▶ _REQUIRED ACTION_:
Scan the records below for the line containing "The chalet also" and the line containing "That evening, as". Copy both, plus every line between, exactly.

▶ _DATA UNDER STUDY_:

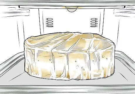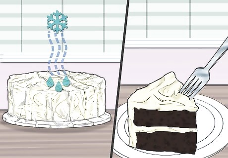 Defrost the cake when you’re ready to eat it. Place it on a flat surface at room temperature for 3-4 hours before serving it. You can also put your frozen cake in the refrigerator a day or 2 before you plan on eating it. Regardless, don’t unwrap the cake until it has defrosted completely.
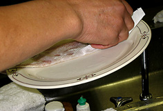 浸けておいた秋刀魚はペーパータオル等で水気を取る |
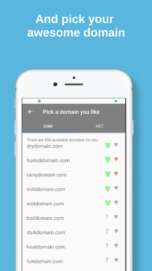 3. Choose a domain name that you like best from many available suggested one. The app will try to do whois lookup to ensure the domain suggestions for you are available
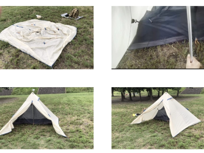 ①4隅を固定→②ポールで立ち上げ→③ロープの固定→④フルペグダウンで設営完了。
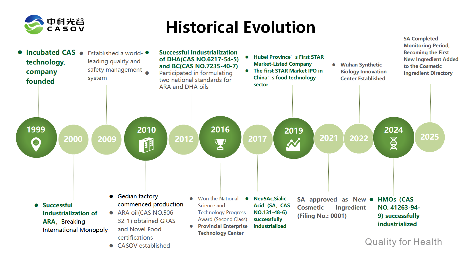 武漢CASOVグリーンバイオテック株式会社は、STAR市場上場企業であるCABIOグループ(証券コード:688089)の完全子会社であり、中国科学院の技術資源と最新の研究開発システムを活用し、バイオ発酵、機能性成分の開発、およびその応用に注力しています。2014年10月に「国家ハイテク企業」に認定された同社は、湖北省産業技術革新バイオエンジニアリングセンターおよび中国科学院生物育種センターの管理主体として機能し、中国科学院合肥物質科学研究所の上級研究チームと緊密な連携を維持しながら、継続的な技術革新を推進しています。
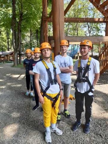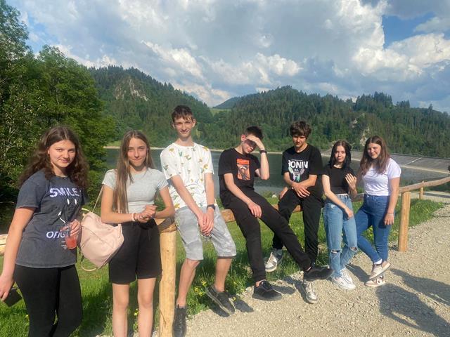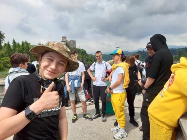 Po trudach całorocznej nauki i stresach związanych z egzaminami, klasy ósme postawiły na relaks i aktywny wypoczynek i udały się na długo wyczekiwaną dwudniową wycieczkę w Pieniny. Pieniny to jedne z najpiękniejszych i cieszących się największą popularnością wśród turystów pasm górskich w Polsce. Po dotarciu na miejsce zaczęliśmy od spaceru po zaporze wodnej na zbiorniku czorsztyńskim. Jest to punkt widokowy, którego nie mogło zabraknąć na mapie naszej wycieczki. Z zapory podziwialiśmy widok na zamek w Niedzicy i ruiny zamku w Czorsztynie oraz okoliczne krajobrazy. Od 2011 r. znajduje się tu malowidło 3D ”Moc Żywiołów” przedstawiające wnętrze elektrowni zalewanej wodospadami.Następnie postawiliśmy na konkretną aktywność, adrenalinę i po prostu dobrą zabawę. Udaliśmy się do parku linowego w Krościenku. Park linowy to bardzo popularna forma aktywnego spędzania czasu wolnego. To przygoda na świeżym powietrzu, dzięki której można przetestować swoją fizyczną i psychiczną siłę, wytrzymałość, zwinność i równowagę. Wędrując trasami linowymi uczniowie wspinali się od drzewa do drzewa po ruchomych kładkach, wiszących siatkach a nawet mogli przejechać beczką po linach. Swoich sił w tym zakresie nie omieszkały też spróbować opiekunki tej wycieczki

---

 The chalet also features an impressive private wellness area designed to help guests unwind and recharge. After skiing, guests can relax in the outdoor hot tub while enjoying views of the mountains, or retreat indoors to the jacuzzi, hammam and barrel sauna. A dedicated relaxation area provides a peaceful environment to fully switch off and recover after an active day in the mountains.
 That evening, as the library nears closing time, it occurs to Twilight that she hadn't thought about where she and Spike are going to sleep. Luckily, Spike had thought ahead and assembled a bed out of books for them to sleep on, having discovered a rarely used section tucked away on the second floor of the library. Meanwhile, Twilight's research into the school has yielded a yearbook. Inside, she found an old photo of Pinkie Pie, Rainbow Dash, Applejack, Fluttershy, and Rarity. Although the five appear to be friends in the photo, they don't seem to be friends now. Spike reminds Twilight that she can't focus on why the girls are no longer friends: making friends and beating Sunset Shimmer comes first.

▶ _FINISHED EXERCISE_:
 The chalet also features an impressive private wellness area designed to help guests unwind and recharge. After skiing, guests can relax in the outdoor hot tub while enjoying views of the mountains, or retreat indoors to the jacuzzi, hammam and barrel sauna. A dedicated relaxation area provides a peaceful environment to fully switch off and recover after an active day in the mountains.
 That evening, as the library nears closing time, it occurs to Twilight that she hadn't thought about where she and Spike are going to sleep. Luckily, Spike had thought ahead and assembled a bed out of books for them to sleep on, having discovered a rarely used section tucked away on the second floor of the library. Meanwhile, Twilight's research into the school has yielded a yearbook. Inside, she found an old photo of Pinkie Pie, Rainbow Dash, Applejack, Fluttershy, and Rarity. Although the five appear to be friends in the photo, they don't seem to be friends now. Spike reminds Twilight that she can't focus on why the girls are no longer friends: making friends and beating Sunset Shimmer comes first.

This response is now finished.